DATA SHOWN:
■ ■ ■
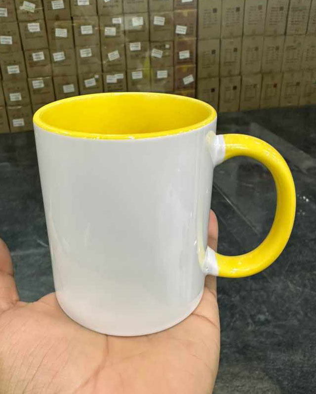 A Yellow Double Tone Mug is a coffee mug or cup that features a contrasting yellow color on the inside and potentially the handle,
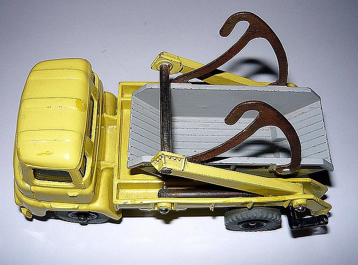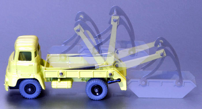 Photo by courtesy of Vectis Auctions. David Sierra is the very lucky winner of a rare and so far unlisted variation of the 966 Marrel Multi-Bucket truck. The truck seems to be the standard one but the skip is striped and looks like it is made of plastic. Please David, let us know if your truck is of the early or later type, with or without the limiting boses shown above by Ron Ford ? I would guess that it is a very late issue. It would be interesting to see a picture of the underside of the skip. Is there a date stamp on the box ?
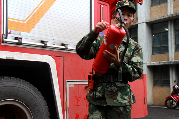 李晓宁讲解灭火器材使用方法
■ ■ ■
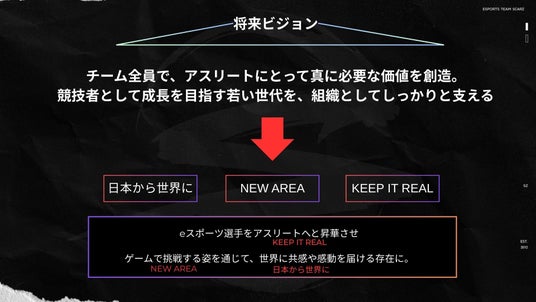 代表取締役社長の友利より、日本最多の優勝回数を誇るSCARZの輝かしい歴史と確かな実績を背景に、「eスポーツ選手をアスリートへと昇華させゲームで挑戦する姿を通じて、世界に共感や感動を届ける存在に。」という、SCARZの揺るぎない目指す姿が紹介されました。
■ ■ ■
TASK REQUIREMENTS:
Leave out every picture, and copy exactly the lines above starting at the one holding "A Yellow Double" and ending at the one holding "李晓宁讲解灭火器材使用方法", no more and no less.

RESPONSE:
 A Yellow Double Tone Mug is a coffee mug or cup that features a contrasting yellow color on the inside and potentially the handle,
 Photo by courtesy of Vectis Auctions. David Sierra is the very lucky winner of a rare and so far unlisted variation of the 966 Marrel Multi-Bucket truck. The truck seems to be the standard one but the skip is striped and looks like it is made of plastic. Please David, let us know if your truck is of the early or later type, with or without the limiting boses shown above by Ron Ford ? I would guess that it is a very late issue. It would be interesting to see a picture of the underside of the skip. Is there a date stamp on the box ?
 李晓宁讲解灭火器材使用方法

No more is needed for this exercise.